The Dancing Plague of 1518 — a city danced for weeks, then stopped
Summary
In July 1518, in the free imperial city of Strasbourg in the Holy Roman Empire, a woman recorded as Frau Troffea stepped into a street and began to dance, and could not stop. Within a week some thirty others had joined her; over the following weeks the compulsion drew in as many as 400 townspeople, who danced for days on end, many past the point of exhaustion. Contemporary and near-contemporary chroniclers reported that some collapsed and that a number died from the strain — figures the documents do not let us pin down with confidence. The episode swelled through July and August and then faded of its own accord by early September, ending about as mysteriously as it had begun.
The outcome is not a mystery, even if the cause is debated. No supernatural curse seized Strasbourg, and the modern consensus, argued most fully by the historian John Waller, is that the dancing plague was an episode of mass psychogenic illness — a physical contagion of behavior with a psychological origin, spreading by suggestion through a population already pushed to the edge. The city in 1518 had endured successive famines, harvest failures, and disease; into that misery ran a regional belief that Saint Vitus could afflict sinners with an uncontrollable dance. The dancers were not faking and were not, in any ordinary sense, choosing; under extreme stress and shared expectation, their distress took the culturally available shape of compulsive dancing, and the sight of one dancer made the next more likely.

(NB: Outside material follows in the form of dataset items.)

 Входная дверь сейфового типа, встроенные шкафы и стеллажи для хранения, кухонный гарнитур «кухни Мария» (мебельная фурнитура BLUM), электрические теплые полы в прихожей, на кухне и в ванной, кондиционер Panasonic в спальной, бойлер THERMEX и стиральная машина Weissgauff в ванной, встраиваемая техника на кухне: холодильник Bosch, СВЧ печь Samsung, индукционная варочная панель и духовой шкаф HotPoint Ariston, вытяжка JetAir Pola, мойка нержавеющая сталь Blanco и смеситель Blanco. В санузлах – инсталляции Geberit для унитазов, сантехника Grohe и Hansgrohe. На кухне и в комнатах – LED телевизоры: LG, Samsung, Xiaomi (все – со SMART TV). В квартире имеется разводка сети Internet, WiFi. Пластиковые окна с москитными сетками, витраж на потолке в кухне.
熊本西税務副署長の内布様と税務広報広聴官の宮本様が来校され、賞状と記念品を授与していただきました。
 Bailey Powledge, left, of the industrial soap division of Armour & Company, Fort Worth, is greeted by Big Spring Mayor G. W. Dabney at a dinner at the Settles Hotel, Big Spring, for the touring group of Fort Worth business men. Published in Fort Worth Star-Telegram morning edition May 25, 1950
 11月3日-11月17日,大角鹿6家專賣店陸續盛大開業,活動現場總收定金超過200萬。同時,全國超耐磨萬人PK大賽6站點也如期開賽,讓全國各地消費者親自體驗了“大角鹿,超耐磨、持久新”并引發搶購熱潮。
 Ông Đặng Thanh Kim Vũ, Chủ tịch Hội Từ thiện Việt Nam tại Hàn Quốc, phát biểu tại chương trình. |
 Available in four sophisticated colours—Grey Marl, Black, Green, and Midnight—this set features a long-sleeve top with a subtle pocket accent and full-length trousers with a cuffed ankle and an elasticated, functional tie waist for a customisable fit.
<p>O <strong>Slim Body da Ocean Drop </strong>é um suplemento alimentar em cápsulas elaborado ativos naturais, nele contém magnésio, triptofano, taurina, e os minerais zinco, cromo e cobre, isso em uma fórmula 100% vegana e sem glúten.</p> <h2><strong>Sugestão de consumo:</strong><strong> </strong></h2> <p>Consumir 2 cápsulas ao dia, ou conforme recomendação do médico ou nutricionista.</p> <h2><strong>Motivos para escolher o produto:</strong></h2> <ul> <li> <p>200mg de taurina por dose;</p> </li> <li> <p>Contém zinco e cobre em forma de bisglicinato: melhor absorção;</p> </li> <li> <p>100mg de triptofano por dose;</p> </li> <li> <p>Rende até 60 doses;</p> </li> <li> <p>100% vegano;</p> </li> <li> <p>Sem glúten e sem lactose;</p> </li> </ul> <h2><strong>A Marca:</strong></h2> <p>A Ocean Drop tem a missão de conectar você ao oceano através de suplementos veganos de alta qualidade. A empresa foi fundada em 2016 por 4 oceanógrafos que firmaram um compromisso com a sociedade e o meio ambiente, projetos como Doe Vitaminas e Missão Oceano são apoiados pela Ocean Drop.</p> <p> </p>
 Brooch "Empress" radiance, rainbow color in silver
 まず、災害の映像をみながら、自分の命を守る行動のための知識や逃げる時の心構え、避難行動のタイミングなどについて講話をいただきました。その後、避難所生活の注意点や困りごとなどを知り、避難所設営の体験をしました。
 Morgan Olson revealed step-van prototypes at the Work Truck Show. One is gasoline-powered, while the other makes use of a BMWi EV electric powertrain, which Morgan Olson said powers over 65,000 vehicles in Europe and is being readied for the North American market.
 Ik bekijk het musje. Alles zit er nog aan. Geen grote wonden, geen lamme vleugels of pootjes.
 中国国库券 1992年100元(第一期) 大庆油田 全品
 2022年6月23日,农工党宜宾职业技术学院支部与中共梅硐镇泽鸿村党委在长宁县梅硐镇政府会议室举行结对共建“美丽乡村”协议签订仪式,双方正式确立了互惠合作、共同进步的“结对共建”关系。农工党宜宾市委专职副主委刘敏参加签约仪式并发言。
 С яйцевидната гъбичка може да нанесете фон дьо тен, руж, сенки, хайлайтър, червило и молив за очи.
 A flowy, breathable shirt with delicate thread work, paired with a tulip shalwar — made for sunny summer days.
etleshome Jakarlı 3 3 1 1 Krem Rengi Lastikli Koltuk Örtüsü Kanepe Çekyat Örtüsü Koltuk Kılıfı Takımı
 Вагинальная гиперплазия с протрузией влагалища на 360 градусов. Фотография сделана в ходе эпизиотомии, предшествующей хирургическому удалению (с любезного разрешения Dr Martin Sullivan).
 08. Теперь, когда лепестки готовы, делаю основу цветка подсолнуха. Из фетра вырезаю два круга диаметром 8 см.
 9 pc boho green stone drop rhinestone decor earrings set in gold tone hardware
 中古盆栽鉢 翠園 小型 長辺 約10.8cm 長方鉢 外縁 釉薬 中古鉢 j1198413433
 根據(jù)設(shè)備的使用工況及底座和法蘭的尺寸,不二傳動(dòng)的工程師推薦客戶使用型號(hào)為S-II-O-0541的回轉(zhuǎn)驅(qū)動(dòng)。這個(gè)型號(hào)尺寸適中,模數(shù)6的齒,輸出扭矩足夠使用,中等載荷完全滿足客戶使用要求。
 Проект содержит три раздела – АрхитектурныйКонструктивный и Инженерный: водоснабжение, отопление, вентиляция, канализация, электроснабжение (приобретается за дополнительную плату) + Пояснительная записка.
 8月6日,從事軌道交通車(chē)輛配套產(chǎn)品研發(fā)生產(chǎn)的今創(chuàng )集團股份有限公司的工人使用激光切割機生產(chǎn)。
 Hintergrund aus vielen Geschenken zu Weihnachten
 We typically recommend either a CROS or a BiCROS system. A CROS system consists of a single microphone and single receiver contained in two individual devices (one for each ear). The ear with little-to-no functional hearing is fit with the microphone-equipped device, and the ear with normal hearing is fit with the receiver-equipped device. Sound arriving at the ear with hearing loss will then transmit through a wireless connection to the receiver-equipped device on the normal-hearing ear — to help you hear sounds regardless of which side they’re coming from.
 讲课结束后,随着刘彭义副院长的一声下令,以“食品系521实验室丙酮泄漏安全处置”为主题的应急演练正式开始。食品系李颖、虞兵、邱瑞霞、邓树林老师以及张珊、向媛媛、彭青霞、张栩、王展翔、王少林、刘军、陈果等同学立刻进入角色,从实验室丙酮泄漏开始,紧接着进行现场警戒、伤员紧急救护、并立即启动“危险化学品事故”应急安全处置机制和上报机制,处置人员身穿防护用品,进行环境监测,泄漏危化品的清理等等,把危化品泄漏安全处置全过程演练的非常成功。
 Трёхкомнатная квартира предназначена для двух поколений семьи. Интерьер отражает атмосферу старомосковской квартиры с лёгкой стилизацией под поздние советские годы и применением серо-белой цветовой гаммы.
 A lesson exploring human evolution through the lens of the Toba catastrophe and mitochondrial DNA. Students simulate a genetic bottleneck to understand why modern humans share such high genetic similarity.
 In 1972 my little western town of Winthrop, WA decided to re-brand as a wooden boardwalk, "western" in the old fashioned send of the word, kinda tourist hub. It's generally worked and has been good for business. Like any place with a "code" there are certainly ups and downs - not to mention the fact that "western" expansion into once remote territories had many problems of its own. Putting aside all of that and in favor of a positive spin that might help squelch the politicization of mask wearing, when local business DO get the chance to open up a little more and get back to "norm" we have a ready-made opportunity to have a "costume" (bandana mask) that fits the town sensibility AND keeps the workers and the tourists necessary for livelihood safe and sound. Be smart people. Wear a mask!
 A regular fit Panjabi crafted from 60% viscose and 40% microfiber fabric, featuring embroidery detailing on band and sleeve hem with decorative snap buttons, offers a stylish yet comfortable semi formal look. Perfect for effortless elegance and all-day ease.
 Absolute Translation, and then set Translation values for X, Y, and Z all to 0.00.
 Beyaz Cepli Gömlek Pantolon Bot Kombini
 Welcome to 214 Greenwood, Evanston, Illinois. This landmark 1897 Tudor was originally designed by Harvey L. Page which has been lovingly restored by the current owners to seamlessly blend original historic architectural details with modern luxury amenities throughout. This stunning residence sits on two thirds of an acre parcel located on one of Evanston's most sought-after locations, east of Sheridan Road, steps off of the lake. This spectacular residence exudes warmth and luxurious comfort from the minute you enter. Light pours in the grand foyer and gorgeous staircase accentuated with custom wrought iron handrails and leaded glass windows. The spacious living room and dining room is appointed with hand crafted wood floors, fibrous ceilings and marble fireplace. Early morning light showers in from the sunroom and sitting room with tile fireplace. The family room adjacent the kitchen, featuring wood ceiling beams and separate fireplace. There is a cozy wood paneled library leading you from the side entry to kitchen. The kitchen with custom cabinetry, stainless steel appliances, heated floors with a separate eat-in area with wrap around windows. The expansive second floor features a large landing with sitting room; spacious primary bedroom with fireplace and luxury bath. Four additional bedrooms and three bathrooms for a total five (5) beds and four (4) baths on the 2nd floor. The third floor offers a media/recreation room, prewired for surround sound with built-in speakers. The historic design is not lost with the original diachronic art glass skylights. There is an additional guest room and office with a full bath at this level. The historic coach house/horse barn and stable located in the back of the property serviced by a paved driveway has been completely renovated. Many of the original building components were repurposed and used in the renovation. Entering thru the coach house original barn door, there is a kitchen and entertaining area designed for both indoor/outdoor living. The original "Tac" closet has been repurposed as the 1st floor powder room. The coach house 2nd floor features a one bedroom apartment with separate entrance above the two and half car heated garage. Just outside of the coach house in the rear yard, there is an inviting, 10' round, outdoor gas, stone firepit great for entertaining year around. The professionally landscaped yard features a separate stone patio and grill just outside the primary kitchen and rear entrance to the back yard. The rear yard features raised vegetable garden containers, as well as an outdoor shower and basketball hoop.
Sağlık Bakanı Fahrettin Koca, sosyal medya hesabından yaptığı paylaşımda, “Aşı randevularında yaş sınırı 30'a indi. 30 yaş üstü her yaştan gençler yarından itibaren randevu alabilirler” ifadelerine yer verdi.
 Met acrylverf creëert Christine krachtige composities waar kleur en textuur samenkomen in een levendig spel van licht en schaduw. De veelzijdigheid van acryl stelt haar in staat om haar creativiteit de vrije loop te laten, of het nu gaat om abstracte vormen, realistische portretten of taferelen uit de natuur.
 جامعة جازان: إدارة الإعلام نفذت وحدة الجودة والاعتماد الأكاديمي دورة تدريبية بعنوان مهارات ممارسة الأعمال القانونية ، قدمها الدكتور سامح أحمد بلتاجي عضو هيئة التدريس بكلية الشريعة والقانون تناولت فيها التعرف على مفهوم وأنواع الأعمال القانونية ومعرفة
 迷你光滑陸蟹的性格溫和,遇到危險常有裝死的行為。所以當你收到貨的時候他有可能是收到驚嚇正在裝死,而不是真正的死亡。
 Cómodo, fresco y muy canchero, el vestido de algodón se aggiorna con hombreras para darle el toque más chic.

This dossier treats the Dancing Plague as a closed case with a documented ending — not a ghoulish curiosity but an early, unusually well-attested instance of how a community under strain can fall into a shared, involuntary affliction. The mechanism is the point. The authorities, reasoning from the medicine of their day, made the outbreak worse before they made it better: judging the dancers victims of "hot blood" that had to be danced out, they supplied halls, musicians, and professional dancers to keep them moving. Only when that failed, and the afflicted were marched to a shrine to be cured by ritual, did the contagion subside — by which time the panic had run its natural course.
Timeline
A city primed for affliction
The dancing plague did not strike a contented town; it struck one that had been worn down. Early-sixteenth-century Strasbourg, like much of the upper Rhine, had passed through cycles of failed harvests, hunger, and epidemic disease, and the burden of that suffering fell hardest on the poor who would make up most of the dancers. Bodies were weakened and nerves were frayed, and a population in chronic distress is, in the language of modern psychology, highly suggestible — its anxiety looking for a form to take.
The form was already supplied by the culture. The people of the region knew Saint Vitus as a saint who could, if angered, visit a compulsive, punishing dance upon sinners, and shrines associated with him stood within reach of the city. This was not a vague superstition but a concrete, shared expectation: distress could express itself as uncontrollable dancing, and such dancing was a sign of divine displeasure. When Frau Troffea began to move and could not stop, she was not inventing a behavior; she was enacting one that everyone around her already understood, which is exactly what made it transmissible. The first dancer turned a private collapse into a public template.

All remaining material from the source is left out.